Привычным взглядом журналиста я окидываю кафе: внутри полумрак, который мягко подсвечен янтарными лампами Эдисона. Стены из кирпича — не того ровного, офисного, а старого, выщербленного временем, в котором застряли столетия. Молодой парень-бариста с аккуратной бородкой и волосами, стянутыми в пучок. На нем кожаный фартук, перепачканный мукой и кофейной пылью. Он не просто наливает напитки — он совершает ритуал, методично взбивая молоко, и звук пара кажется мне здесь самым громким в мире.
Пар из трубочки вырывается с ритмичным шипением — пш-ш-ш, пш-ш-ш — я начинаю считать. Раз-два-три. Раз-два-три. Останавливаю себя. Ты не дома. Ты в кафе. Перестань.
Он смотрит на меня с легким прищуром — видит мой помятый вид и сразу вешает ярлык: «очередной заблудившийся американец». В углу сидит пожилая пара, они делят на двоих один круассан и о чем-то шепчутся на французском. Женщина в мягком кашемировом кардигане улыбается, и на секунду мне становится тошно от её спокойствия. У окна — студентка в огромных наушниках, она так увлечена своим блокнотом, что не заметила бы и всадника апокалипсиса. Её ручка методично стучит по бумаге. Тук-тук-тук. Этот ритм сводит меня с ума.
Кроме шепота и пара, я слышу саму тишину этого здания. Оно старое, оно дышит. Где-то скрипнула половица. Глухо тикают настенные часы — звук похож на капающую воду в пустой ванной. Каждое их «тик» — это цент из моего гонорара, утекающий в никуда.
Я сажусь за столик у самого окна. Дерево под моими руками шершавое, со следами от чьих-то чашек и старых царапин. Я ставлю свой эспрессо. Черная поверхность кофе дрожит.
Клац-клац.
За окном дождь смывает пыль с брусчатки, превращая её в черное зеркало. На другой стороне улицы стоит пустой кованый стул, прикованный цепью к столу — он выглядит так же одиноко, как я сейчас. Пахнет свежей сдобой — из кухни вынесли поднос с булочками, и этот запах корицы и сахара внезапно напоминает мне о завтраке с TJ, который я пропустил. Я сглатываю горечь вместе с глотком холодного кофе.

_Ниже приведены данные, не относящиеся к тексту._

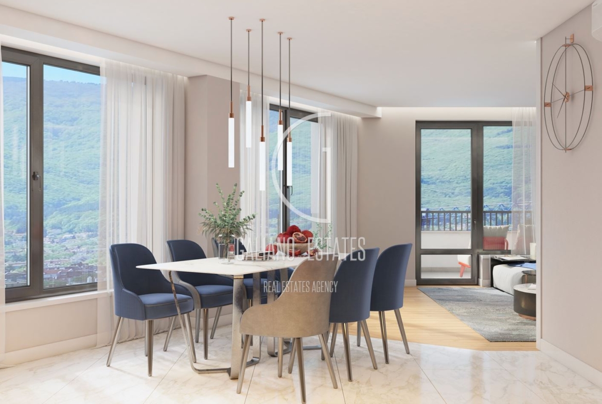 Предлагания апартамент се намира на трети жилищен етаж от общо шест. Има следното разпределение: входно антре, просторна всекидневна с кухня, две спални, две бани с тоалетна, мокро помещение и тераса.
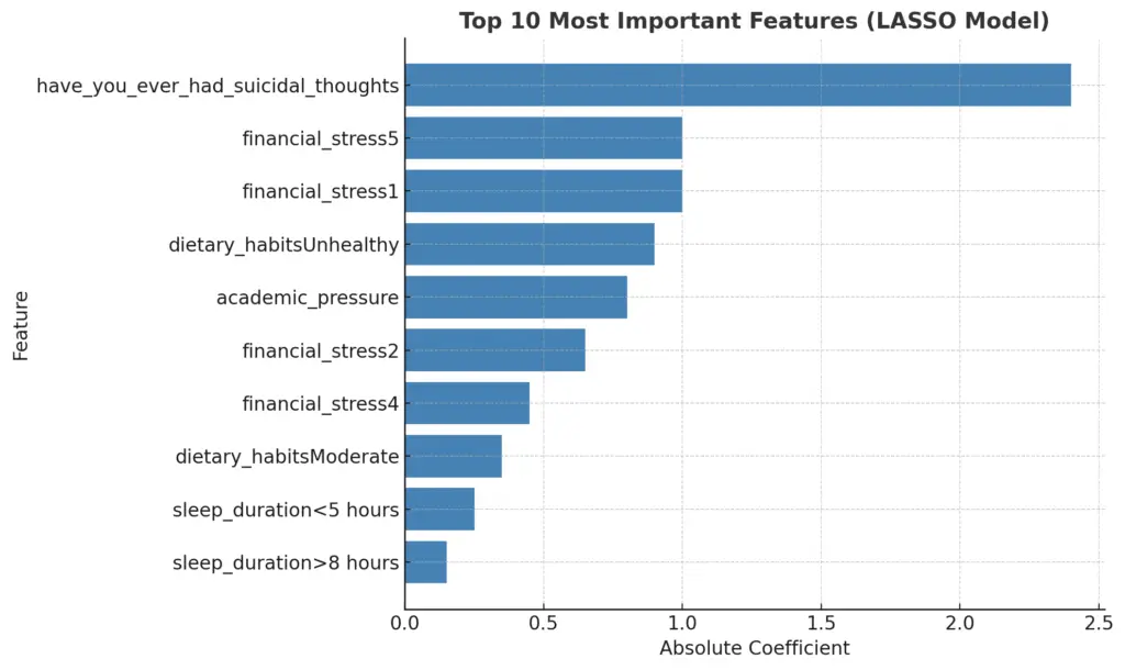This project evaluates and compares GLM and LASSO logistic regression models for predicting depression risk in ~27,900 students. The study emphasizes interpretability, cross-validated performance, and feature-level analysis to identify robust psychological and lifestyle predictors.

Нужно было занять руки. Пальцы привычно потянулись к карману, нащупали холодную сталь зажигалки. Клац-клац. А затем принялись неистово скроллить ленту поиска. «Дано». «Дино». «Тот самый парень из Огайо».
Экран вспыхивал глянцевыми заголовками десятилетней давности: «Голос поколения», «Новый Джеймс Дин: бунт в каждой ноте», «Почему он молчит?».
Я увеличил одну из фотографий 2019 года. На ней Дано стоял на сцене стадиона «Уэмбли» — раскинутые руки, мокрая от пота майка, об-лепившая плечи и грудь. Толпа внизу — море зажигалок и поднятых рук. Он казался Богом, спустившимся к смертным на час.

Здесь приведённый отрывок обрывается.